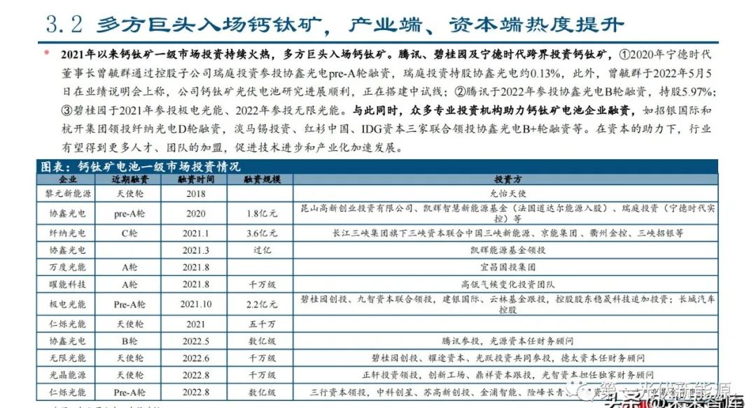 2021年以来钙钛矿一级市场投资持续火热,多方巨头入场钙钛矿。腾讯、碧桂园及宁德时代跨界投资钙钛矿,①2020年宁德时代 董事长曾毓群通过控股子公司瑞庭投资参投协鑫光电pre-A轮融资,瑞庭投资持股协鑫光电约0.13%,此外,曾毓群于2022年5月5 日在业绩说明会上称,公司钙钛矿光伏电池研究进展顺利,正在搭建中试线;②腾讯于2022年参投协鑫光电B轮融资,持股5.97%;③碧桂园于2021年参投极电光能、2022年参投无限光能。与此同时,众多专业投资机构助力钙钛矿电池企业融资,如招银国际和 杭开集团领投纤纳光电D轮融资,淡马锡投资、红杉中国、IDG资本三家联合领投协鑫光电B+轮融资等。在资本的助力下,行业有望得到更多人才、团队的加盟,促进技术进步和产业化加速发展。
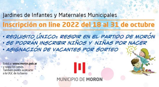 El Municipio de Morón dispuso un registro online para la asignación de vacantes para quienes quieran inscribir a niños y niñas del distrito en alguno de los 16 jardines municipales. La inscripción estará abierta entre el 18 y el 31 de octubre. Para presentar la solicitud, es necesario tener domicilio en Morón y completar el formulario con datos verdaderos. En el caso de personas gestantes que deseen solicitar una vacante para su futuro hijo o hija, será condición presentar el certificado con la fecha aproximada de parto.
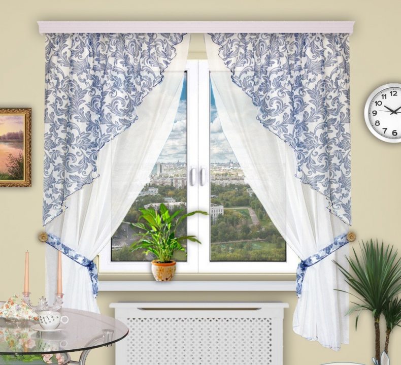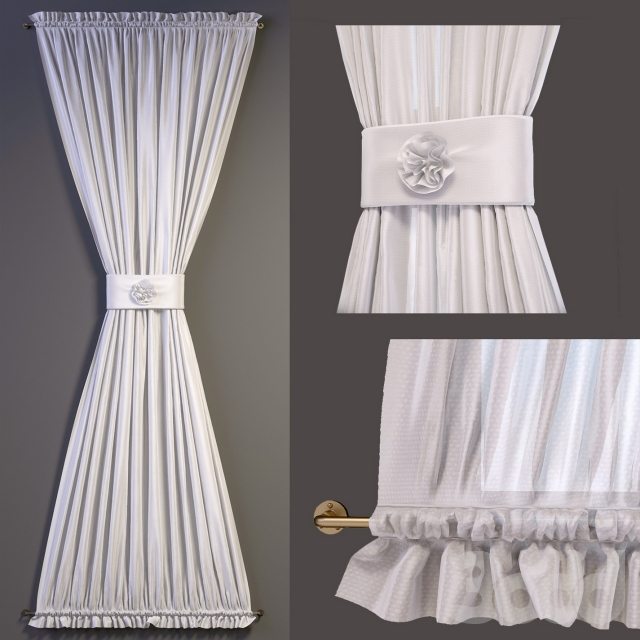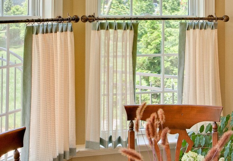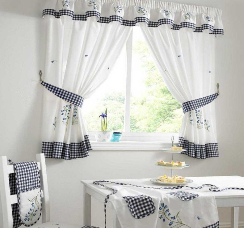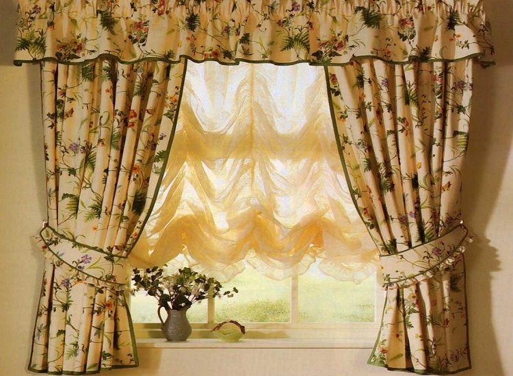 Для дополнительной отделки можно использовать кулиски, завязки, петли. Расцветка однотонная, в мелкий или средний цветочек, иногда мелкая клетка или полоска. Карниз также не должен иметь тяжелую конструкцию.

::::::::::

> **Work request**:
Could you repeat the listing above exactly, omitting its pictures?

> **Response to this task**:
 2021年以来钙钛矿一级市场投资持续火热,多方巨头入场钙钛矿。腾讯、碧桂园及宁德时代跨界投资钙钛矿,①2020年宁德时代 董事长曾毓群通过控股子公司瑞庭投资参投协鑫光电pre-A轮融资,瑞庭投资持股协鑫光电约0.13%,此外,曾毓群于2022年5月5 日在业绩说明会上称,公司钙钛矿光伏电池研究进展顺利,正在搭建中试线;②腾讯于2022年参投协鑫光电B轮融资,持股5.97%;③碧桂园于2021年参投极电光能、2022年参投无限光能。与此同时,众多专业投资机构助力钙钛矿电池企业融资,如招银国际和 杭开集团领投纤纳光电D轮融资,淡马锡投资、红杉中国、IDG资本三家联合领投协鑫光电B+轮融资等。在资本的助力下,行业有望得到更多人才、团队的加盟,促进技术进步和产业化加速发展。
 El Municipio de Morón dispuso un registro online para la asignación de vacantes para quienes quieran inscribir a niños y niñas del distrito en alguno de los 16 jardines municipales. La inscripción estará abierta entre el 18 y el 31 de octubre. Para presentar la solicitud, es necesario tener domicilio en Morón y completar el formulario con datos verdaderos. En el caso de personas gestantes que deseen solicitar una vacante para su futuro hijo o hija, será condición presentar el certificado con la fecha aproximada de parto.
 Для дополнительной отделки можно использовать кулиски, завязки, петли. Расцветка однотонная, в мелкий или средний цветочек, иногда мелкая клетка или полоска. Карниз также не должен иметь тяжелую конструкцию.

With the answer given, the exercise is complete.